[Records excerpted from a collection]

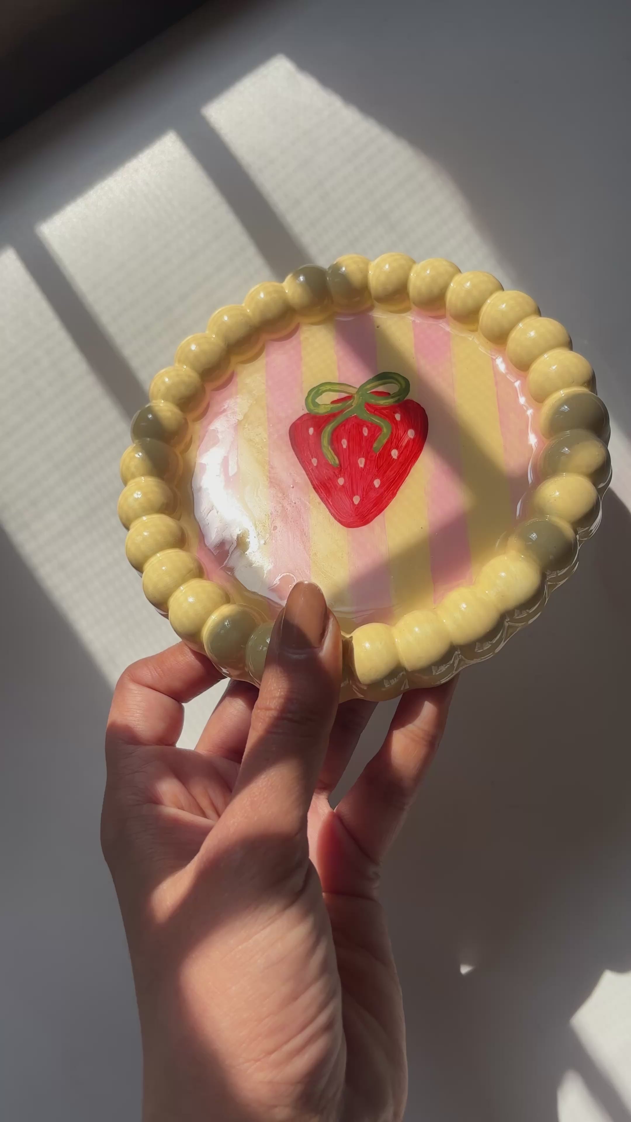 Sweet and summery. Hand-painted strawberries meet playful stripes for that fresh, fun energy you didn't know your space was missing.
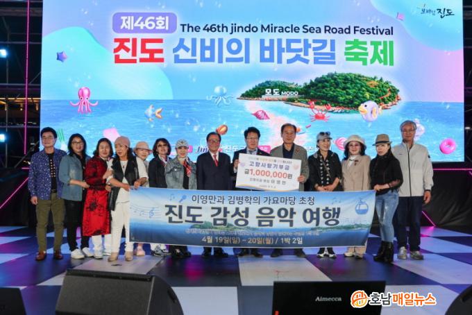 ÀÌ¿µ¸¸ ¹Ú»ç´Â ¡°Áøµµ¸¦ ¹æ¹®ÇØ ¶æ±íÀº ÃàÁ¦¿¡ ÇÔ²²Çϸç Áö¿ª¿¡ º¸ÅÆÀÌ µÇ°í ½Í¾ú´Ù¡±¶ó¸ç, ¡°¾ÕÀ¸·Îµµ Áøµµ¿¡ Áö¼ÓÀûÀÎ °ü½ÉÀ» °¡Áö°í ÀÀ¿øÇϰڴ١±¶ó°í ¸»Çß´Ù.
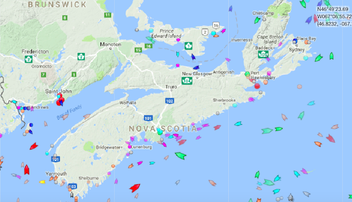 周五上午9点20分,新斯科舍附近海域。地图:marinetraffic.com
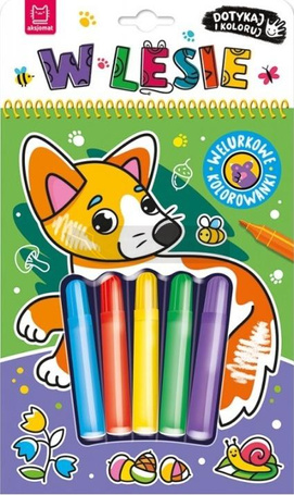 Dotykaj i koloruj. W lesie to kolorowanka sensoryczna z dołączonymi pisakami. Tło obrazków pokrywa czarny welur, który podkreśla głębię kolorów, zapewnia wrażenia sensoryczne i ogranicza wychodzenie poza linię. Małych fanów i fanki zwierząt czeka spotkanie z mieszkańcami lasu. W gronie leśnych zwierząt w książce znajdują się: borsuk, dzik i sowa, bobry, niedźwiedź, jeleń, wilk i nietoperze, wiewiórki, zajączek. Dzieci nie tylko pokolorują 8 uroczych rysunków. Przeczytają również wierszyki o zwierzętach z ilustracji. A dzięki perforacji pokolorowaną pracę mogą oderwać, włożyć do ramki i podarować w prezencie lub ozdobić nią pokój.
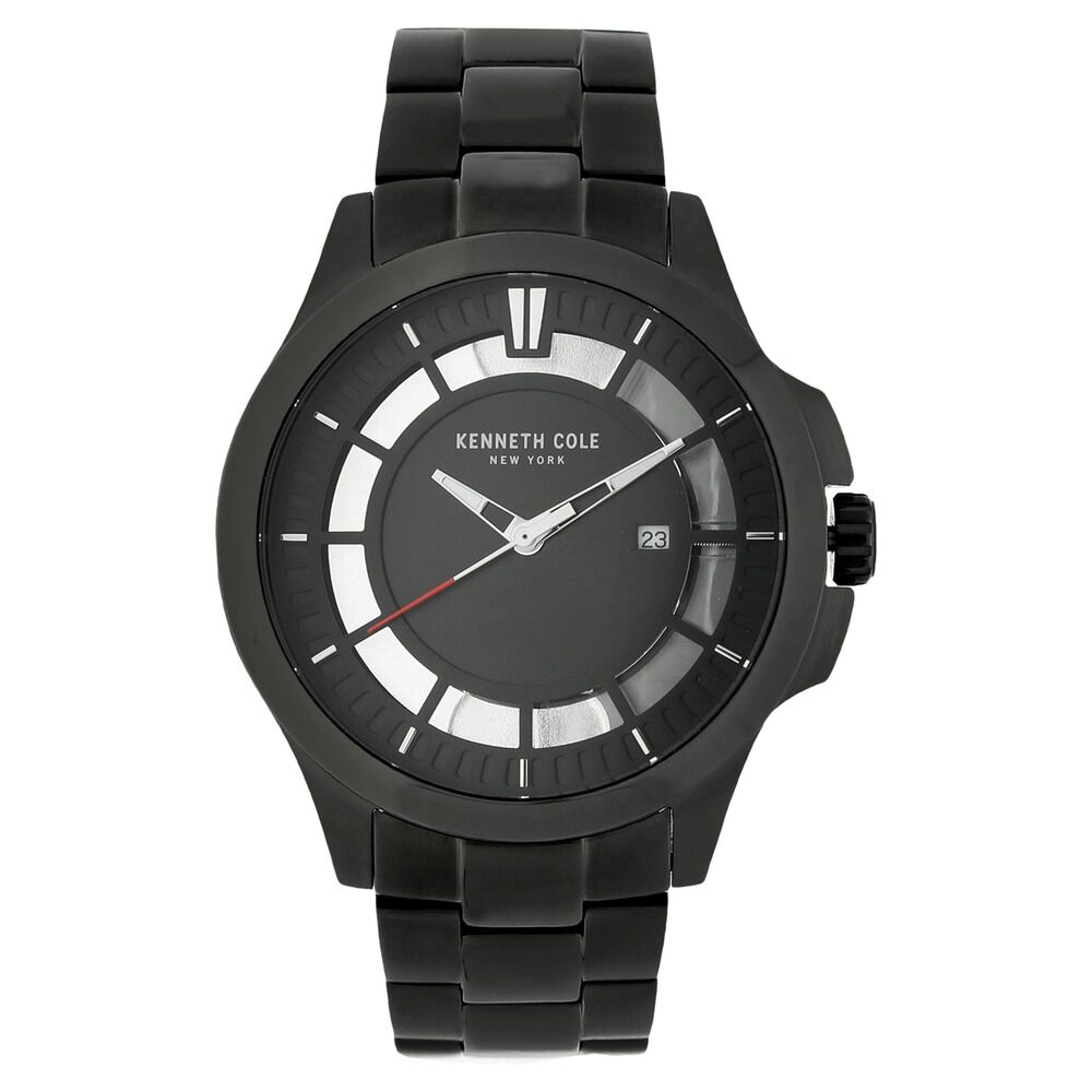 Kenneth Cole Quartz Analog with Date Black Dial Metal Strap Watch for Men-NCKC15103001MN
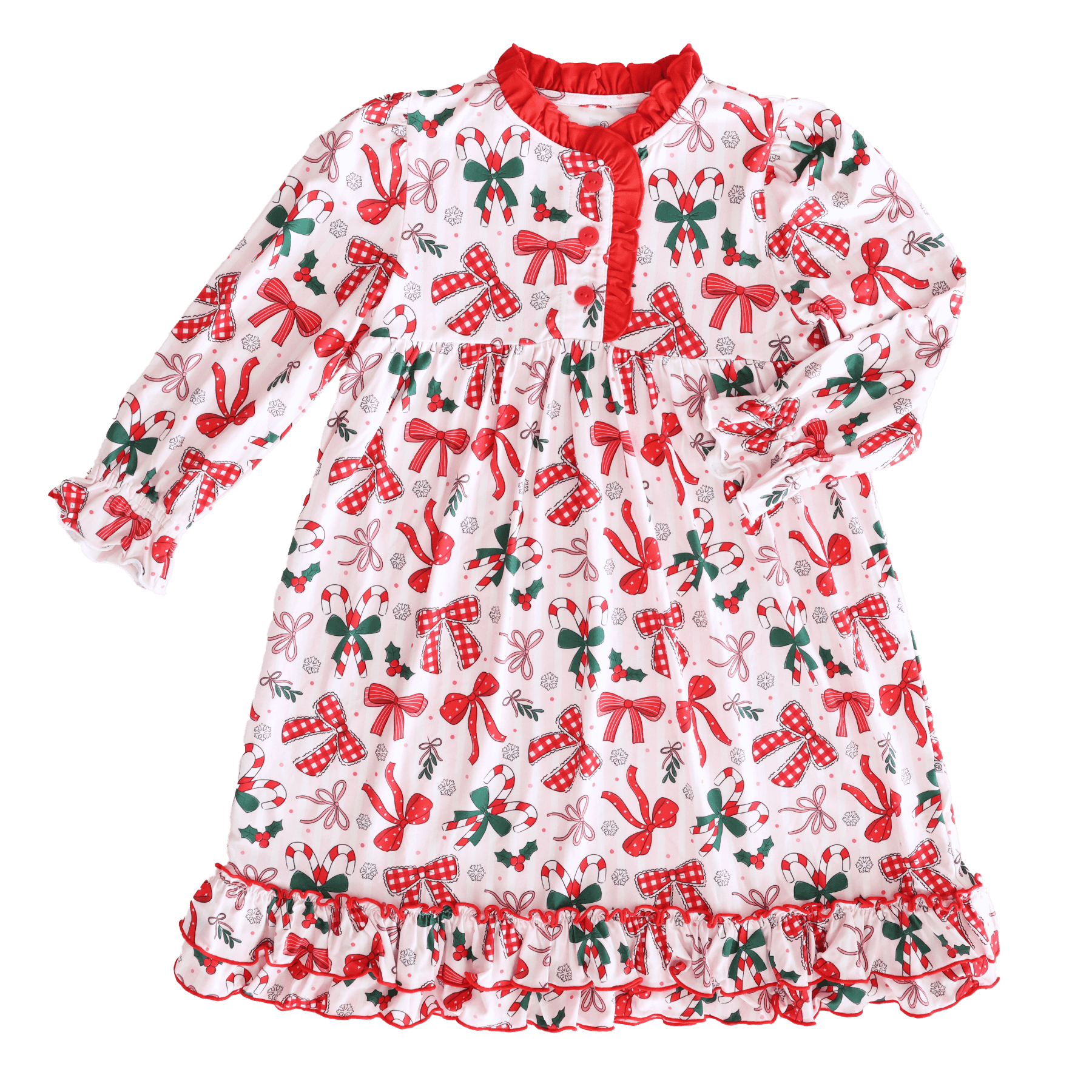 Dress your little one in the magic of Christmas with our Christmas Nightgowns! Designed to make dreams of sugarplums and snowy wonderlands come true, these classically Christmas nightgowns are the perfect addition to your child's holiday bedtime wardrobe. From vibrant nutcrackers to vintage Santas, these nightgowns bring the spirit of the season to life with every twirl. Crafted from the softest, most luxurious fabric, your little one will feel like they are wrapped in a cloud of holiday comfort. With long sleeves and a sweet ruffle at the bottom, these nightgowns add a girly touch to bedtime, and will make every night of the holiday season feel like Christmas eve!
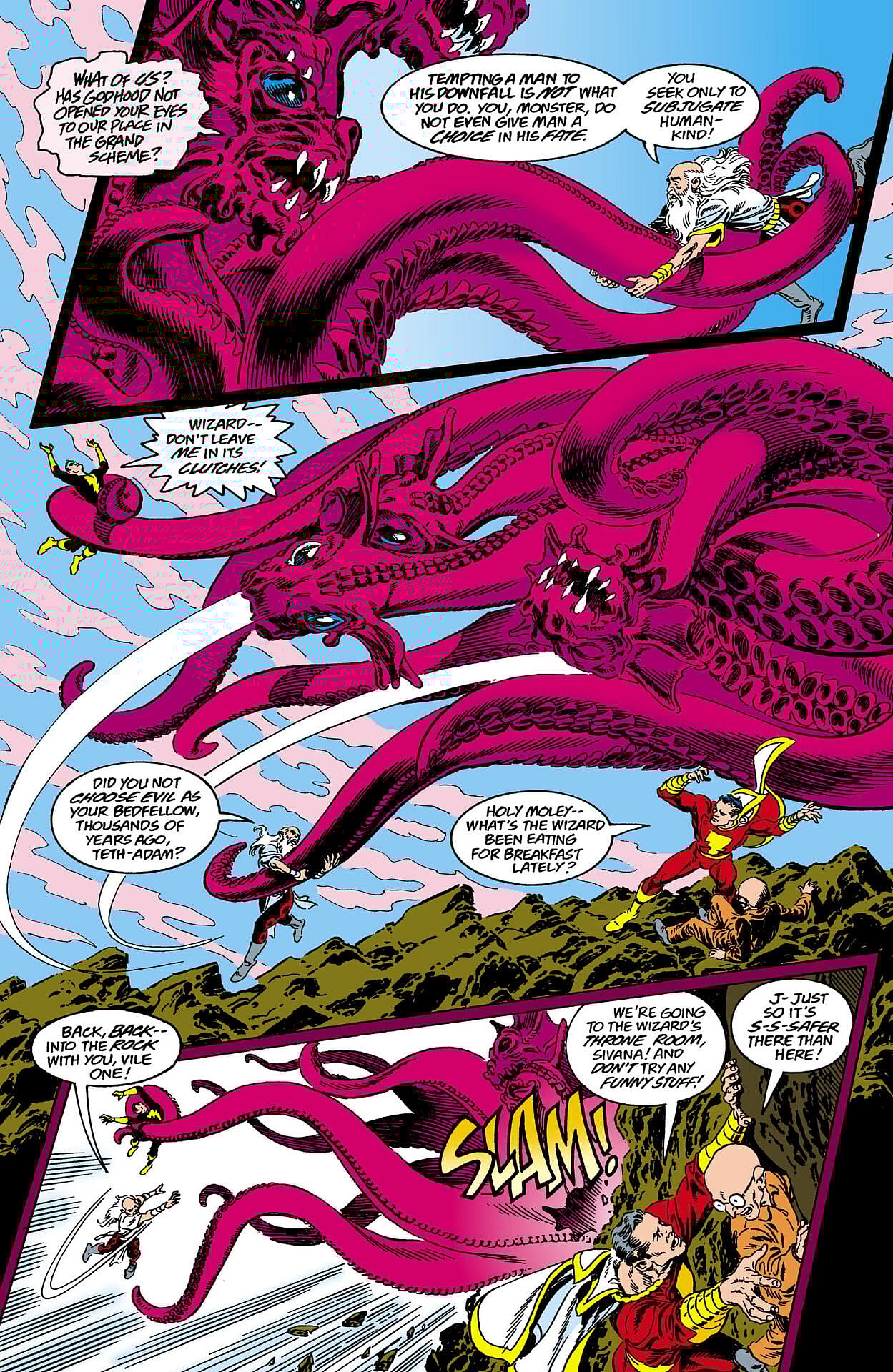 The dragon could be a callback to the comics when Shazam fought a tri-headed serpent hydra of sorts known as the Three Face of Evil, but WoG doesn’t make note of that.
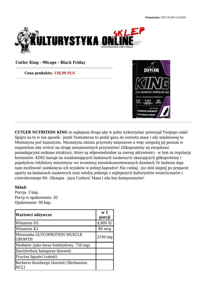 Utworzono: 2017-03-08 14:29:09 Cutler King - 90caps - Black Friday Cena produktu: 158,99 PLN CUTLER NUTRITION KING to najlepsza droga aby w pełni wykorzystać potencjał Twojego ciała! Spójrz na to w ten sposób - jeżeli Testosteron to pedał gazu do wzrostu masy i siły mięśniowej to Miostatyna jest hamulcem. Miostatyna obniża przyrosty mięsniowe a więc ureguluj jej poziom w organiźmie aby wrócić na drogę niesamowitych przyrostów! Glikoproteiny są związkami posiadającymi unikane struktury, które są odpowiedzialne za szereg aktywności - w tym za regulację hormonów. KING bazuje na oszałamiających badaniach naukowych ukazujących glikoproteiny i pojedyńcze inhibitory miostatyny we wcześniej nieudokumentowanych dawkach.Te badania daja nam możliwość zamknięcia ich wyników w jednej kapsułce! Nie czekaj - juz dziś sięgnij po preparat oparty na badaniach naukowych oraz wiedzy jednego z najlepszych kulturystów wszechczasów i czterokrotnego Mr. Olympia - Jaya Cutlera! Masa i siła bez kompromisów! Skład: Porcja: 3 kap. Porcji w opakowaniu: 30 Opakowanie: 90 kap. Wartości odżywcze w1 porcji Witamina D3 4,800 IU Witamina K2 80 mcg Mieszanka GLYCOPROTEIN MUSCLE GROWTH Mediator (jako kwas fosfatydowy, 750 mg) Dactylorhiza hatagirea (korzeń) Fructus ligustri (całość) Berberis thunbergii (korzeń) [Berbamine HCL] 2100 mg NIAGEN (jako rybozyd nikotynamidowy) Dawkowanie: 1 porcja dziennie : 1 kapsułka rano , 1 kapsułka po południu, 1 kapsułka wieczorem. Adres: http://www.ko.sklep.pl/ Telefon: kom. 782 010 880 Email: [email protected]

*What is being asked:*
Without any pictures, output the entries above exactly as they appear.

*Your response:*
 Sweet and summery. Hand-painted strawberries meet playful stripes for that fresh, fun energy you didn't know your space was missing.
 ÀÌ¿µ¸¸ ¹Ú»ç´Â ¡°Áøµµ¸¦ ¹æ¹®ÇØ ¶æ±íÀº ÃàÁ¦¿¡ ÇÔ²²Çϸç Áö¿ª¿¡ º¸ÅÆÀÌ µÇ°í ½Í¾ú´Ù¡±¶ó¸ç, ¡°¾ÕÀ¸·Îµµ Áøµµ¿¡ Áö¼ÓÀûÀÎ °ü½ÉÀ» °¡Áö°í ÀÀ¿øÇϰڴ١±¶ó°í ¸»Çß´Ù.
 周五上午9点20分,新斯科舍附近海域。地图:marinetraffic.com
 Dotykaj i koloruj. W lesie to kolorowanka sensoryczna z dołączonymi pisakami. Tło obrazków pokrywa czarny welur, który podkreśla głębię kolorów, zapewnia wrażenia sensoryczne i ogranicza wychodzenie poza linię. Małych fanów i fanki zwierząt czeka spotkanie z mieszkańcami lasu. W gronie leśnych zwierząt w książce znajdują się: borsuk, dzik i sowa, bobry, niedźwiedź, jeleń, wilk i nietoperze, wiewiórki, zajączek. Dzieci nie tylko pokolorują 8 uroczych rysunków. Przeczytają również wierszyki o zwierzętach z ilustracji. A dzięki perforacji pokolorowaną pracę mogą oderwać, włożyć do ramki i podarować w prezencie lub ozdobić nią pokój.
 Kenneth Cole Quartz Analog with Date Black Dial Metal Strap Watch for Men-NCKC15103001MN
 Dress your little one in the magic of Christmas with our Christmas Nightgowns! Designed to make dreams of sugarplums and snowy wonderlands come true, these classically Christmas nightgowns are the perfect addition to your child's holiday bedtime wardrobe. From vibrant nutcrackers to vintage Santas, these nightgowns bring the spirit of the season to life with every twirl. Crafted from the softest, most luxurious fabric, your little one will feel like they are wrapped in a cloud of holiday comfort. With long sleeves and a sweet ruffle at the bottom, these nightgowns add a girly touch to bedtime, and will make every night of the holiday season feel like Christmas eve!
 The dragon could be a callback to the comics when Shazam fought a tri-headed serpent hydra of sorts known as the Three Face of Evil, but WoG doesn’t make note of that.
 Utworzono: 2017-03-08 14:29:09 Cutler King - 90caps - Black Friday Cena produktu: 158,99 PLN CUTLER NUTRITION KING to najlepsza droga aby w pełni wykorzystać potencjał Twojego ciała! Spójrz na to w ten sposób - jeżeli Testosteron to pedał gazu do wzrostu masy i siły mięśniowej to Miostatyna jest hamulcem. Miostatyna obniża przyrosty mięsniowe a więc ureguluj jej poziom w organiźmie aby wrócić na drogę niesamowitych przyrostów! Glikoproteiny są związkami posiadającymi unikane struktury, które są odpowiedzialne za szereg aktywności - w tym za regulację hormonów. KING bazuje na oszałamiających badaniach naukowych ukazujących glikoproteiny i pojedyńcze inhibitory miostatyny we wcześniej nieudokumentowanych dawkach.Te badania daja nam możliwość zamknięcia ich wyników w jednej kapsułce! Nie czekaj - juz dziś sięgnij po preparat oparty na badaniach naukowych oraz wiedzy jednego z najlepszych kulturystów wszechczasów i czterokrotnego Mr. Olympia - Jaya Cutlera! Masa i siła bez kompromisów! Skład: Porcja: 3 kap. Porcji w opakowaniu: 30 Opakowanie: 90 kap. Wartości odżywcze w1 porcji Witamina D3 4,800 IU Witamina K2 80 mcg Mieszanka GLYCOPROTEIN MUSCLE GROWTH Mediator (jako kwas fosfatydowy, 750 mg) Dactylorhiza hatagirea (korzeń) Fructus ligustri (całość) Berberis thunbergii (korzeń) [Berbamine HCL] 2100 mg NIAGEN (jako rybozyd nikotynamidowy) Dawkowanie: 1 porcja dziennie : 1 kapsułka rano , 1 kapsułka po południu, 1 kapsułka wieczorem. Adres: http://www.ko.sklep.pl/ Telefon: kom. 782 010 880 Email: [email protected]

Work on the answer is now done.